For one, no one is seriously contemplating a LIDAR-only system, the question is between camera+LIDAR or camera-only.
> Lidar just fundamentally can’t read signs, traffic lights or road markings in a reliable way.
Actually, given that basically every meaningful LIDAR on the market gives an "intensity" value for each return, in surprisingly many cases you could get this kind of imaging behavior from LIDAR so long as the point density is sufficient for the features you wish to capture (and point density, particularly in terms of points/sec/$, continues to improve at a pretty good rate). A lot of the features that go into making road signage visible to drivers (e.g. reflective lettering on signs, cats eye reflectors, etc) also result in good contrast in LIDAR intensity values.

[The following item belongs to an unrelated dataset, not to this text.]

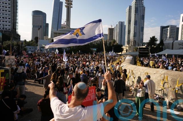 Air Force One touched down at Ben-Gurion International Airport at 9.42am local time (7.42am BST) after flying over Hostages Square in Tel Aviv, where tens of thousands were gathered, on the way to landing.

It's like having 2 pilots instead of 1 pilot. If one pilot is unexpectedly defective (has a heart attack mid-flight), you still have the other pilot. Some errors between the 2 pilots aren't uncorrelated of course, but many of them are. So the chance of an at-fault crash goes from p and approaches p^2 in the best case. That's an unintuitively large improvement. Many laypeople's gut instinct would be more like p -> p/2 improvement from having 2 pilots (or 2 data streams in the case of camera+LIDAR).
In the camera+LIDAR case, you conceptually require AND(x.ok for all x) before you accelerate. If only one of those systems says there's a white truck in front of you, then you hit the brakes, instead of requiring both of them to flag it. False negatives are what you're trying to avoid because the confusion matrix shouldn't be equally weighted given the additional downside of a catastrophic crash. That's where two somewhat independent data streams becomes so powerful at reducing crashes, you really benefit from those ~uncorrelated errors.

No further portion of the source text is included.